Methods: We performed a retrospective cohort study at a tertiary referral hospital in Melbourne, Australia, from 2015 to 2020. We linked administrative data with bloodstream infection surveillance data from the Australian Group on Antimicrobial Resistance. We performed cause-specific Cox proportional hazards regression to quantify the impact of HO-BSI on inpatient mortality and discharge alive, with separate models for Enterobacterales, Staphylococcus aureus, Enterococcus species and the non-fermenting Gram-negative bacilli (NFGNB), Pseudomonas aeruginosa and Acinetobacter species, compared to admissions without HO-BSI. Excess length of stay (LOS) was estimated using multistate models.

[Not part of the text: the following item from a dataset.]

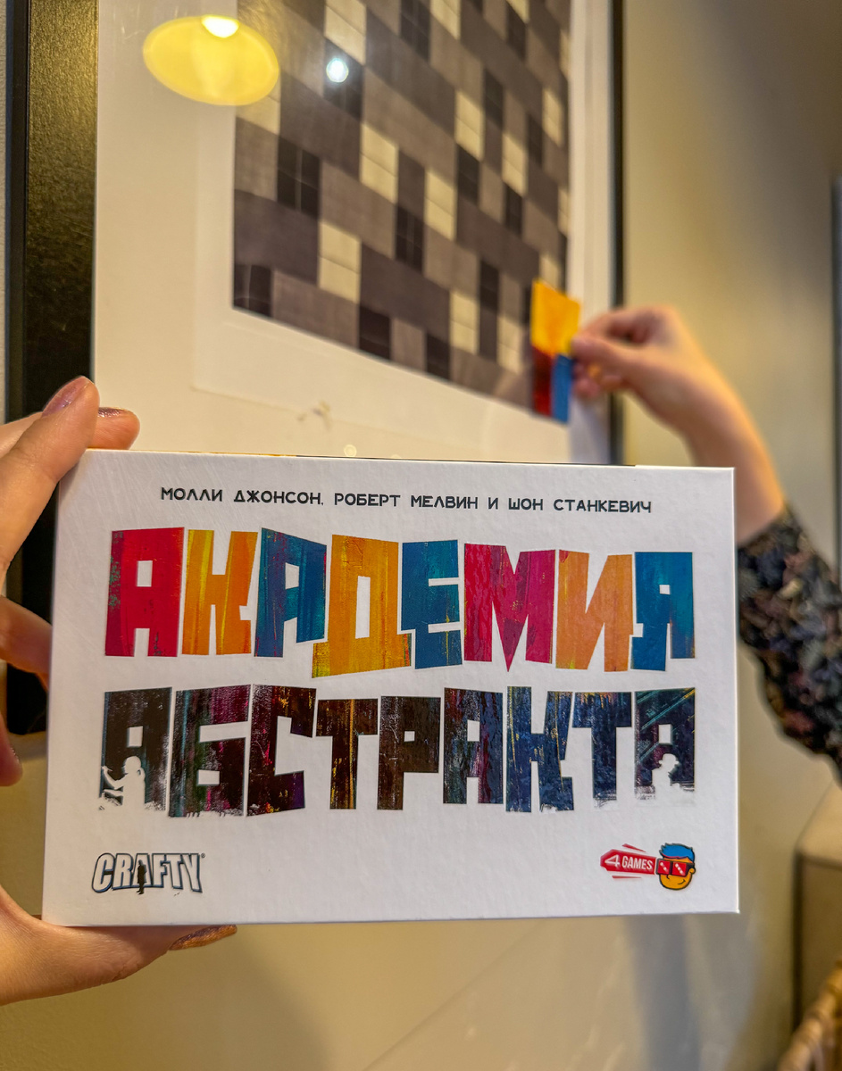 Недавно опробовала свеженький в плане локализации филлер «Академия абстракта» — я, как только увидела коробочку, мгновенно растаяла, разумеется: люблю игры про искусство и очень радуюсь, что в последнее время их выходит всё больше. ПРАВИЛА В игре всего три раунда, и вы в качестве студентов пытаетесь за это время завоевать доверие преподавателей живописи, выполняя их задания. На каждый раунд у вас будут цели, по которым вы будете набирать очки. Когда-то это будут карточки вдохновения рисовать в определённом стиле, когда-то важно соблюсти какие-то композиционные приёмы или добавить акценты (например, иметь больше всего жёлтых пятен или самую большую область из красных). В свой ход вы размещаете на холст (импровизированное игровое поле) карточку и берёте из колоды новую. Выкладывая карту в начале партии, вы пока не понимаете, будет ли она считаться вашим рисунком — и это самая прикольная механика игры. И только когда в общем полотне собралось 4 карты в столбец между участниками, вы понима

Results: The cohort of 278 984 admissions included 814 (0.3%) HO-BSIs. Enterobacterales were the most frequent pathogens, followed by enterococci, S. aureus and NFGNB (incidence 3.62, 2.34, 1.11 and 0.80 events per 10 000 patient-days, respectively). Both antimicrobial-resistant and -susceptible HO-BSI increased risk of death and LOS compared with admissions without HO-BSI. Antimicrobial-resistant and -susceptible HO-BSIs, respectively, increased LOS by 5.7 days (95% CI: 4.9-6.5) and 4.1 days (95% CI: 3.8-4.5) for Enterobacterales, 4.9 days (95% CI: 4.5-5.4) and 3.1 days (95% CI: 2.6-3.6) for enterococci, and 6.3 days (95% CI: 5.3-7.3) and 9.8 days (95% CI: 9.1-10.5) for S. aureus.
Conclusions: Antimicrobial-susceptible and -resistant HO-BSIs have a substantial impact on patient outcomes. We demonstrated the feasibility of leveraging a national laboratory-based surveillance system to quantify the impact of HO-BSI.